May HDL Cholesterol Level Have a Role in The Diagnosis of Kawasaki Disease?


AKGÜN G., AKGÜN E. Z., UÇAK K., Usta E., KAYABEY ÇOLAK Ö., BABAOĞLU A.

GUNCEL PEDIATRI-JOURNAL OF CURRENT PEDIATRICS, sa.2, ss.133-140, 2022 (ESCI) identifier identifier

  • Yayın Türü: Makale / Tam Makale
  • Basım Tarihi: 2022
  • Doi Numarası: 10.4274/jcp.2022.73626
  • Dergi Adı: GUNCEL PEDIATRI-JOURNAL OF CURRENT PEDIATRICS
  • Derginin Tarandığı İndeksler: Emerging Sources Citation Index (ESCI), Scopus, Academic Search Premier, CAB Abstracts, CINAHL, EMBASE, Veterinary Science Database
  • Sayfa Sayıları: ss.133-140
  • Anahtar Kelimeler: Kawasaki disease, coronary artery involvement, serum HDL-C level, HIGH-DENSITY-LIPOPROTEIN, LONG-TERM MANAGEMENT, C-REACTIVE PROTEIN, HEALTH-PROFESSIONALS, SERUM, STATEMENT, CHILDREN
  • Kocaeli Üniversitesi Adresli: Evet

Özet

Introduction: Kawasaki disease (KD) is a multisystemic vasculitis that has no specific serum marker. The aim of our study is to evaluate whether the serum lipid profile, specifically HDL cholesterol (HDL-C) level, in KD differs from that in other febrile illnesses and if so, it can be used as a diagnostic tool in distinguishing KD from other febrile illnesses. Materials and Methods: We examined prospectively 41 patients with KD (group 1) and 30 patients with febrile illness of viral or bacterial origin (group 2). The patients' demographic and clinical characteristics were analyzed. All blood samples were taken during the disease's acute phase. After fasting for four hours in infants and eight hours in young children, serum total cholesterol, HDL-C, triglyceride (TG), C-reactive protein (CRP), complete blood count, and other biochemical markers were determined.
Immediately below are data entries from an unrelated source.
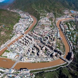 红棕色的河水波涛汹涌,砖红色的山脉连绵不绝。山水间的红土地上,房屋、桥梁、广场等带有红色装饰的建筑错落分布,将这座历史悠久的藏东山城装点成一幅立体的油画。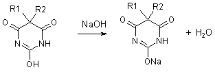 барбитуровой кислоты. В присутствии гидроксид-ионов они диссоциируют как
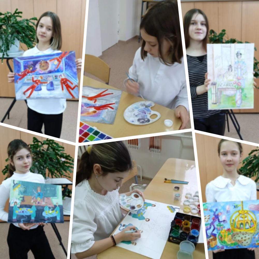 В этом году от лицея приняли участие три художницы из 5 «Б» класса: Макарова Елизавета с акварельной работой «Учитель биологии – «как рыба в воде», Костромитина Анжелика с композицией, выполненной гуашью «Учитель химии в действии», Тюлюкина Екатерина с работой «Урок астрономии на космическом корабле» и ученица 7 «А» класса – Цибилева Елизавета с графической композицией «Урок каллиграфии в Японии». Девочки представили на конкурс яркие запоминающиеся работы.

Group 1 was further divided into subgroups as incomplete vs complete cases and patients with vs without coronary artery involvement. Results: Mean serum HDL-C level in KD group was significantly lower than in the febrile illness group (13.8 +/- 8.8 mg/dL vs 37.6 +/- 18.7 mg/dL, p <0.001). A statistically significant difference in TG levels was also present between both groups (group 1: 183 +/- 96 mg/dL vs group 2: 121 +/- 70 mg/dL, p=0.001). We detected a significant difference in terms of HDL-C levels, erythrocyte sedimentation rates, CRP, and TG levels between patients with febrile illness, complete KD, and incomplete KD (p <0.001; p=0.007, p <0.001, p=0.01, respectively). The most appropriate cut-off value of serum HDL-C level for affirming KD was <= 23 mg/dL. The area under the curve was 0.88 (95% confidence interval: 0.78-0.94, p <0.001). Conclusion: The study showed that serum HDL-C level is lower in patients with KD than in those with acute febrile infectious disease. Presence of low serum HDL-C level (<= 23mg\dL) may be helpful in establishing the diagnosis of incomplete KD.